The one Constitutional office elected by all of the people is the presidency. So at minimum, we should expect a president to feel a sense of responsibility for the safety and welfare of all 330 million of us – regardless of what we look like, how we worship, who we love, how much money we have – or who we voted for.

But we should also expect a president to be the custodian of this democracy. We should expect that regardless of ego, ambition, or political beliefs, the president will preserve, protect, and defend the freedoms and ideals that so many Americans marched for and went to jail for; fought for and died for.

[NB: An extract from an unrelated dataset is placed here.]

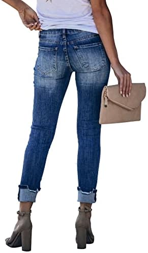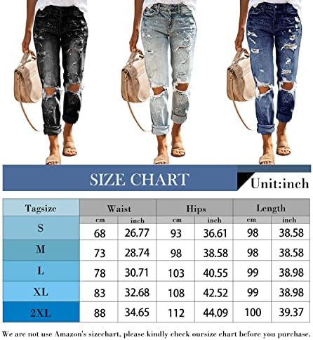 KUNMI女性' ;s開叉中腰ボーイフレンドジーンズゆったりフィット穴あきストレッチデニムパンツ

I have sat in the Oval Office with both of the men who are running for president. I never expected that my successor would embrace my vision or continue my policies. I did hope, for the sake of our country, that Donald Trump might show some interest in taking the job seriously; that he might come to feel the weight of the office and discover some reverence for the democracy that had been placed in his care.

But he never did. For close to four years now, he’s shown no interest in putting in the work; no interest in finding common ground; no interest in using the awesome power of his office to help anyone but himself and his friends; no interest in treating the presidency as anything but one more reality show that he can use to get the attention he craves.

Donald Trump hasn’t grown into the job because he can’t. And the consequences of that failure are severe. 170,000 Americans dead. Millions of jobs gone while those at the top take in more than ever. Our worst impulses unleashed, our proud reputation around the world badly diminished, and our democratic institutions threatened like never before.

Now, I know that in times as polarised as these, most of you have already made up your mind. But maybe you’re still not sure which candidate you’ll vote for – or whether you’ll vote at all. Maybe you’re tired of the direction we’re headed, but you can’t see a better path yet, or you just don’t know enough about the person who wants to lead us there.

So let me tell you about my friend Joe Biden.

Twelve years ago, when I began my search for a vice president, I didn’t know I’d end up finding a brother. Joe and I came from different places and different generations. But what I quickly came to admire about him is his resilience, born of too much struggle; his empathy, born of too much grief. Joe’s a man who learned – early on – to treat every person he meets with respect and dignity, living by the words his parents taught him: “No one’s better than you, Joe, but you’re better than nobody.”

That empathy, that decency, the belief that everybody counts – that’s who Joe is.

When he talks with someone who’s lost her job, Joe remembers the night his father sat him down to say that he’d lost his.

When Joe listens to a parent who’s trying to hold it all together right now, he does it as the single dad who took the train back to Wilmington each and every night so he could tuck his kids into bed.

When he meets with military families who’ve lost their hero, he does it as a kindred spirit; the parent of an American soldier; somebody whose faith has endured the hardest loss there is.

For eight years, Joe was the last one in the room whenever I faced a big decision. He made me a better president – and he’s got the character and the experience to make us a better country.